HSRs Block Translation

Variation in the local translation rate partly regulated by the mRNA secondary structure affects the protein folding (Komar 2009; Zhang et al. 2009) and the localization of protein (Mariappan et al. 2010) or mRNA (Yanagitani et al. 2011). It is of interest to study the correlation between the local translation rate and mRNA structure. The recent findings of Li et al. (2012) reporting genome-wide measurements of ribosome occupancy at a resolution of single nucleotides for E. coli may enable us to compare the mean ribosome speed in HSRs with that in other regions. Surprisingly, we found that the ribosome density in HSRs was significantly lower than that in FARs (1.007 in FARs, 0.956 in HSRs, paired t-test, P < 105, fig. 6). By checking the ribosome density in HSRs, we found a notable reduction near the 40 nt downstream of the start position of HSRs (fig. 6). No obvious ribosome accumulation was observed in either FARs or HSRs. The results seemed to contradict the fact that the secondary structure slows down translation elongation (Wen et al. 2008; Tholstrup et al. 2012), and that higher ribosome density would be observed in the HSRs. A possible explanation for the results is that the ribosome density on mRNA is typically too low, and ribosomes are blocked at the start position of HSRs. To validate this explanation, we repeated the earlier mentioned processes using genes with expression levels at the top 30%. As expected, we found two regions with obvious ribosome accumulation near the start of HSRs (all P values < 105, fig. 6). Taken together, we concluded that HSRs blocked translation elongation and that local translation efficiency was regulated by HSRs, at least partly.

Fig. 6.—

Fig. 6.—

Mean ribosome density around the start of HSRs. 0 in horizontal axis: the start position of HSRs. Top: genes with expression levels at the top 30%. All: all available CDSs. Two center positions of ribosome accumulation are indicated by dashes.
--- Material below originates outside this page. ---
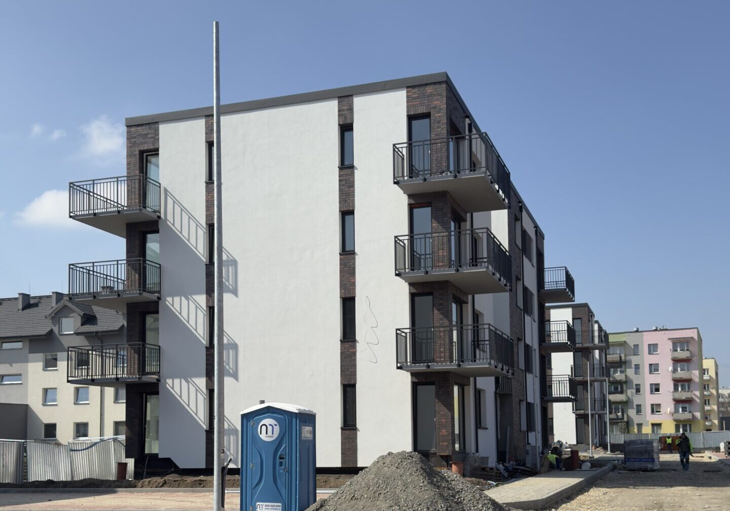 Projekt wymagał połączenia wysokich standardów bezpieczeństwa z estetyką nowoczesnego budownictwa mieszkaniowego. Wykonaliśmy balustrady zewnętrzne balkonowe w stylu minimalistycznym, opartym na pionowych profilach stalowych. Taki układ nie tylko nadaje bryle budynku lekkości, ale także doskonale koresponduje z elewacją łączącą biały tynk z elementami klinkieru. Zastosowano tu mocowanie boczne do płyty balkonowej, co jest rozwiązaniem praktycznym – nie zabiera powierzchni użytkowej balkonu i ułatwia odprowadzanie wody.

Significant Difference in HSR Density among Different Gene Categories

mRNA secondary structures influence a number of cotranslational processes by modulating the local translation rate. The proper functions of gene are partly dependent on these regulation processes. Therefore, it is possible that HSRs have effect on gene functions. To test this hypothesis, genes were classified into five categories based on the GenProtEC database (Serres et al. 2004), and Kruskal–Wallis analysis of variance was performed among these categories. A weak but significant difference (P = 0.029, table 1 and supplementary table S2, Supplementary Material online) in HSR density among the five categories was found. Genes involved in cell processes and transport exhibited a higher HSR density, whereas regulation genes showed a lower value. By contrast, no remarkable difference was observed in the control (P > 0.1, table 1). Additionally, we also compared rHSR densities among gene categories and found a different pattern. Metabolism and transport genes showed higher rHSR density than other genes (table 1). Although regulation genes also had the lowest rHSR density, the mean ratio (rHSR density in cell processes/rHSR density in regulation) is significantly lower than that based on HSR density (1.037 on the average vs. 1.071, Wilcoxon test, P = 0.00085). Overall, the results indicated that genes involved in different processes had different HSR densities.

Table 1.

HSR Densities in Different Gene Categories

Category Genes Nativea Control 1 Control 2
Cell processes 432 3.802 ± 0.088 0.951 ± 0.052 2.742 ± 0.031
Transport 667 3.775 ± 0.070 0.999 ± 0.041 2.838 ± 0.051
Information transfer 773 3.746 ± 0.067 0.972 ± 0.040 2.715 ± 0.047
Metabolism 1,596 3.629 ± 0.046 1.018 ± 0.027 2.765 ± 0.043
Regulation 460 3.561 ± 0.085 1.012 ± 0.052 2.644 ± 0.048

aNative: mean HSR density in native sequences. Control 1: mean HSR density in random sequences generated by shuffle mononucleotides. Control 2: mean HSR density in random sequences generated by shuffle all synonymous codons among sites with identical amino acids, whereas maintaining codon usage, GC content, and amino acid sequence.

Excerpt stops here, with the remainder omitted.